Can't go into as much detail as you. But a couple comments.

"primary key unique" is redundant, and will actually create a redundant unique 
index.

"Do later version of SQLite manage to spot the constant propagation 
opportunity?"
This requires way more algebra and proof than I think you realize. "entrys" is 
on the right side of a LEFT OUTER JOIN, and therefore may be null when it comes 
time to do the next OUTER JOIN to "entry-items", so a direct replacement of an 
"equals" constraint isn't possible. And after that it again starts becoming 
algebra as to whether that null can affect things etc.

For the ordering, I recommend seeing if you can replace one of those "entrys" 
indexes so that they start with "key" as the first field in the index. That 
would at least give it more opportunity to use that index for the ordering 
rather than needing to order things after they're all collected. That and 
explicitly stating the order by in _both_ the sub select and the final might 
make it notice "I can use this _ordered_ sub select as the outer table in the 
joins and get my overall ordering that way"... or it may not. Worth a try 
though.



-----Original Message-----
From: sqlite-users [mailto:sqlite-users-boun...@mailinglists.sqlite.org] On 
Behalf Of Andy Bennett
Sent: Tuesday, January 22, 2019 8:09 AM
To: sqlite-users@mailinglists.sqlite.org
Subject: [sqlite] Query Planning Knowledge

Hi,

I'm having some problems understanding what the query planner is doing and 
how to convince it to work in the way I want.

Sorry that this is such a long and involved eMail. I've tried to describe 
my problem and show the steps I have taken in debugging it. I have made 
some effort to present a minimal and basic illustration of the problem. 
Either I'm in error and glad to be assisted, or there's some opportunities 
that the query planner is not taking. Hopefully my detail helps someone who 
knows more than me get to the bottom of the issue!


My GUI montior is reporting SQLite 3.8.11.1 and my app is using 3.17.0. I 
get the same result with both.

I've included more complete details of my schema at the bottom of this 
message but only introduced the bits I'm talking about as I go through.
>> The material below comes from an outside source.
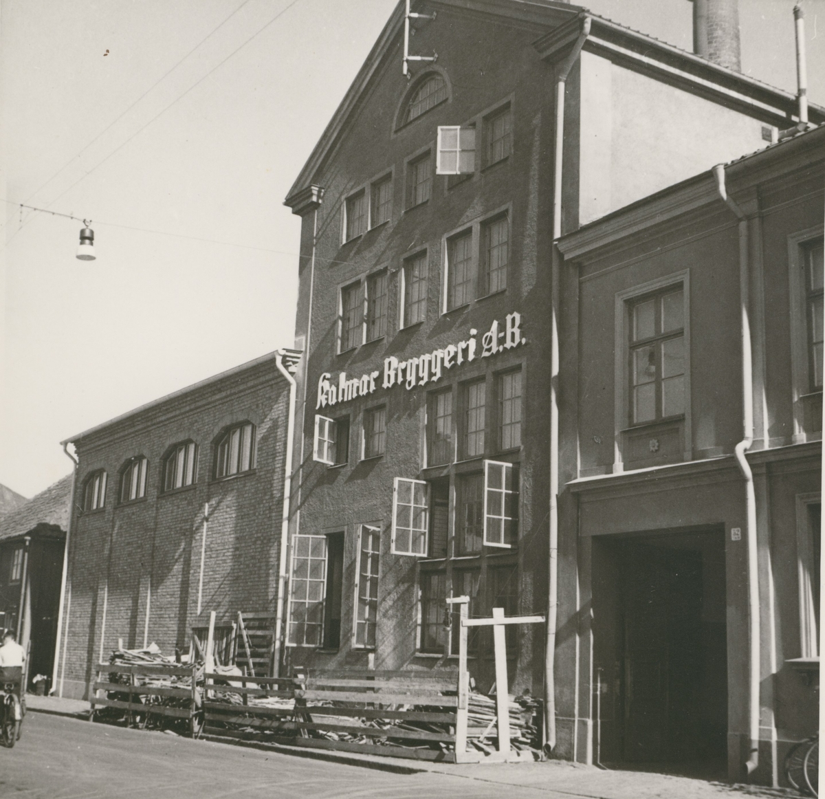Exteriör av Kalmar Bryggeri AB, troligen under ombyggnation.

I'm aiming to write a query that's good for feeding an iterator and for 
pagination. i.e. I don't want a query that needs to compute the whole 
result up-front, before returning the first row. I want something where I 
can execute the query, consume a few rows for a while, close it and then 
later start a new query with a parameter based on how far I got through and 
then continue where I left off.

The structure of my dataset is such that once rows are written to the 
database they are not changed, so there exist a set of parameters where I 
can do this.


The data is an append only log. The log consists of entries (in the entrys 
table) and they have monotonically increasing "entry-number"s. The table 
can store more than one log so there's a "log-id" as well. These entries 
have some data of their own and each point to zero or more items which are 
stored in the "items" table. Thus there's a join table "entry-items" which 
consists of 3 columns, all parts of the primary key, "log-d", 
"entry-number" and "item-id".

Each entry has a "key". As entries are added to the log, the "latest" entry 
for a particular key describes the current state of that key. The set of 
keys and their current state is called "records" and they only exist as a 
query on the tables. It is this query that I'm trying to plan well.
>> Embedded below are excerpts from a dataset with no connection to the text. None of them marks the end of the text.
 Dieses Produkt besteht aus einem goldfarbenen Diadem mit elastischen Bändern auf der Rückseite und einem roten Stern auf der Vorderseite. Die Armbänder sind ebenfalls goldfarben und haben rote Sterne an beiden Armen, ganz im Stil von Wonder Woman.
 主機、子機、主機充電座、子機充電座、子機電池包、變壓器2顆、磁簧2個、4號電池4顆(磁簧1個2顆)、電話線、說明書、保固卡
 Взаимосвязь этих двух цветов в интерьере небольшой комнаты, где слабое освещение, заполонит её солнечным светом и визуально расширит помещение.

The idea is for the app user to be able to ask for a cursor on the records 
and then consume them a page at a time. I'm not particularly bothered which 
order they keys come out in but it has to be deterministic so that I can 
restart the query again. It's nice if they come out in "key" order but 
"entry-number" order will do too. The main property I want is to be able to 
pass this app-defined cursor over my API boundary without holding open a 
read transaction on SQLite.

I've started with a log that isn't huge but needs some attention to make it 
work efficiently. This log has 54,272 entries and 42,737 records at the 
latest version. I expect to have logs with a few tens of million active 
records but probably nothing larger than 100 million. Not exactly Big Data 
;-) but worthy of indexing.


So, here's my query, annotated with a few numbered points so that I can 
talk about things. The bits that are commented out get commented in (and 
out again!) as I discuss my problems with the query plan.

-----
explain query plan
            SELECT
            "entrys"."log-id"       AS "log-id",
            "entrys"."entry-number" AS "entry-number",
            "entrys"."region"       AS "region",
            "entrys"."key"          AS "key",
            "entrys"."timestamp"    AS "timestamp",
            "entry-items"."item-id" AS "item-id",
            "items"."blob"          AS "blob"

            FROM
            (SELECT -- ** 1 **
              MAX("entry-number") AS "entry-number",
              "key"
              FROM "entrys"
              WHERE
              "log-id" = 51 AND
              "region" = "user" AND
              "entry-number" <= 54272
-- AND key > "100009" -- ** 2 **
-- AND key > "145943"
              GROUP BY "key"
                 -- order by key -- ** 3 **
                 ) AS "specific-entrys"

            LEFT OUTER JOIN "entrys"
            ON
            "specific-entrys"."entry-number" = "entrys"."entry-number"
AND "specific-entrys"."key" = "entrys"."key" -- ** 4 **
AND "user" = "entrys"."region"

            LEFT OUTER JOIN "entry-items"
            ON
            51 = "entry-items"."log-id" AND -- ** 5 **
            "specific-entrys"."entry-number" = "entry-items"."entry-number"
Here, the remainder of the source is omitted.